*** Opening Given material ***
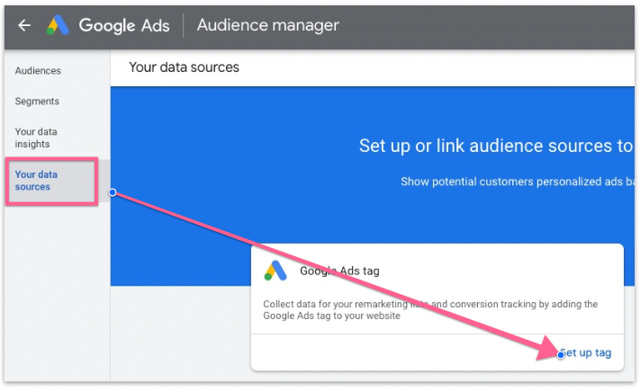 On the left sidebar, click on Your data sources’ and then click on Set up tag:
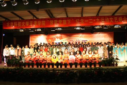 党委书记、副院长王斌教授对“放歌党旗下”纪念一二•九运动文艺晚会圆满成功表示了热烈的祝贺,并强调了文化艺术建设对提升大学生素质水平和推动学校全面和谐发展的重要作用。他激励更多的学子积极参与此类活动,创造积极、健康、向上的精神文化生活,发奋成才。希望广大师生在党的十七大精神指引下,认真总结经验,继续开拓创新,不断提高艺术水平,倾力打造问鼎国际
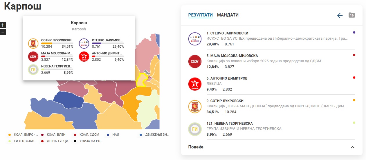 Во Карпош, според 100 отсто обработени гласачки места, во вториот круг ќе продолжат кандидатот на ВМРО-ДПМНЕ Сотир Лукровски и актуелниот градоначалник Стевчо Јакимовски од коалицијата „Искуство за успех“. Лукровски во првиот круг води со 34,51 проценти или 10.284 гласа, додека Јакимовски има 29,40 проценти или 8.761 глас.
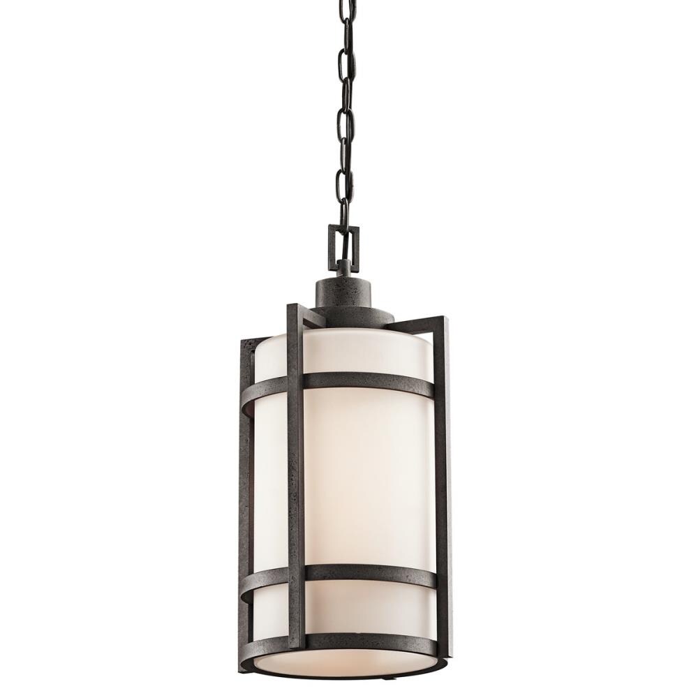 This Kichler Camden pendant features a durable cast-metal frame in Anvil Iron paired with an opal etched glass cylinder for a crisp, modern look. Adjustable hanging height and dimmable, hardwired operation make it ideal for covered outdoor living spaces or transitional indoor areas.
*** Closing Given material ***
> [Task details]: With pictures excluded, the material is to be written out exactly as given.

> [Written response]:
 On the left sidebar, click on Your data sources’ and then click on Set up tag:
 党委书记、副院长王斌教授对“放歌党旗下”纪念一二•九运动文艺晚会圆满成功表示了热烈的祝贺,并强调了文化艺术建设对提升大学生素质水平和推动学校全面和谐发展的重要作用。他激励更多的学子积极参与此类活动,创造积极、健康、向上的精神文化生活,发奋成才。希望广大师生在党的十七大精神指引下,认真总结经验,继续开拓创新,不断提高艺术水平,倾力打造问鼎国际
 Во Карпош, според 100 отсто обработени гласачки места, во вториот круг ќе продолжат кандидатот на ВМРО-ДПМНЕ Сотир Лукровски и актуелниот градоначалник Стевчо Јакимовски од коалицијата „Искуство за успех“. Лукровски во првиот круг води со 34,51 проценти или 10.284 гласа, додека Јакимовски има 29,40 проценти или 8.761 глас.
 This Kichler Camden pendant features a durable cast-metal frame in Anvil Iron paired with an opal etched glass cylinder for a crisp, modern look. Adjustable hanging height and dimmable, hardwired operation make it ideal for covered outdoor living spaces or transitional indoor areas.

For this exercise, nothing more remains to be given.